Here at home it was the end of the world, they discovered at last that I had run away from home, this was a huge disaster for my family. I didn’t run away to get married, this was very positive, because all the girls who ran away did it to get married. But I didn’t run away to get married, I went out of the country. This was a very big thing. What to do now, it became a day of death, my grandmother opened the door {a funeral rite to welcome people for condolences}. “I want you to bring me a piece of her alive or dead, because I can’t live without her. I want to know her grave.” So the Interpol went after me and looked for me throughout Europe. They discovered that I was in Turkey, and the Interpol came to Turkey, my mother and uncle came to Turkey three times but I escaped. I moved fast and escaped. At the end, the friend who arranged my taxi came to Turkey. He said to me, “Do you want to go to London?” “Yes, of course” I said. “We have to rob a store,” he said. “No problem,” I said. I was supposed to go to the store and seduce the owner, while he would break the cash register and take the money out. I also had finished all my money after such spending of course, at the end I finished it all. “Let’s go rob that money together, and there is a boat we can pay with that money and go to London.” No problem.
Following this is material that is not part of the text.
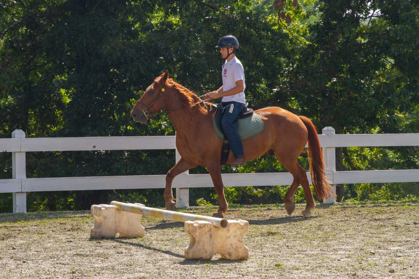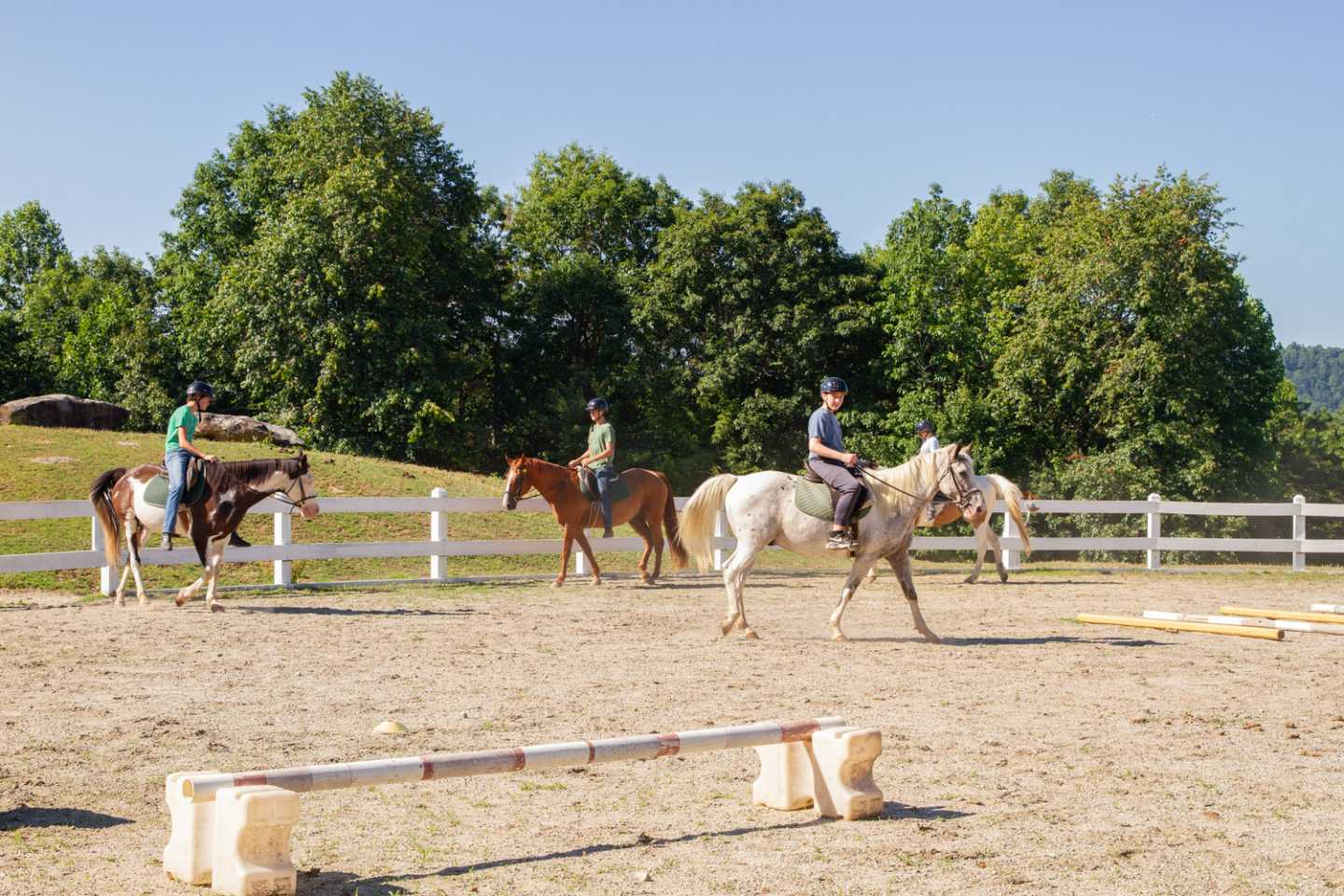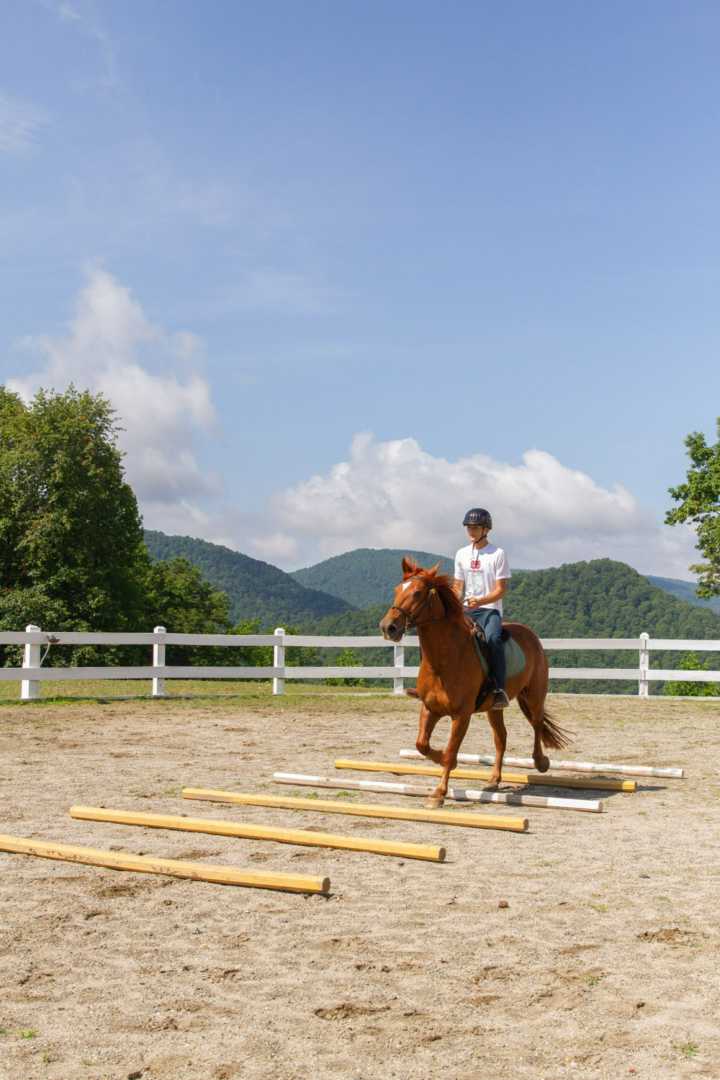 Now, our more advanced riders learn a bit more of the complicated riding techniques. This includes learning how to canter with a horse, as well as mastering the sitting trot. The boys also do some stirrupless riding. They will learn about strides, timing and adjusting speeds. They practice this by cantering over poles laying on the ground. The more advanced rider will also learn and practice show jumping. Today, the boys were jumping 30cm jumps with the horses.

I am supposed to seduce the old man, to be sexy or something like that, you know… So I got ready to go and become Mata Hari, but the police came. He had betrayed me. Ferid betrayed me, the police had found Ferid, they found the taxi driver and he told them which hotel he had dropped me in, so at the end, it was a betrayal. Just when I got ready thinking of how we were going to attack [the store], the police showed up and told me, “Excuse me do you recognize this girl?” showing me a picture. “Is this your daughter?” I said, I am looking at myself [in the picture] and saying in Turkish, “Your daughter?”  “No, no” he says, “ this is not my daughter, this is you.”  “No, no this is not me.” {She says this in Turkish}. He pulls out my mother’s photo and shows it to me, I look at my mother. Ah God, why do you have to confront me with reality! “Your wife is beautiful” I said. “No,” he said, “This is your mother.” “No, it is not my mother.” “OK” he said, “Who is your father?” “He is here, somewhere,” I just mentioned some name. “My father dropped me here to eat breakfast. “Turkish fathers don’t bring their daughters to an hotel to eat breakfast,” he said. “So let see who you are.”

So he took me, and I wanted to run away from him, but they caught me like a mouse, they had all come with cars, there were a hundred policemen there. They took me and pushed me inside the police car, I ran away from them three times, and then they brought me to the Embassy of Yugoslavia, of Former Yugoslavia, at that time there was a very smart ambassador. “Girl, you are only 14 years-old, we have to return you home,” he said. “I can’t go back home, they will kill me, I can’t go back home.” “We’ll send you by plane to Belgrade.” “I will jump off the plane, you put me on the plane and I’ll jump off the plane.” The ambassador got scared, “ Otherwise I can’t keep you here, you are dangerous, if I keep you here, you will run away again, and if you run away again we will not be able to find you.”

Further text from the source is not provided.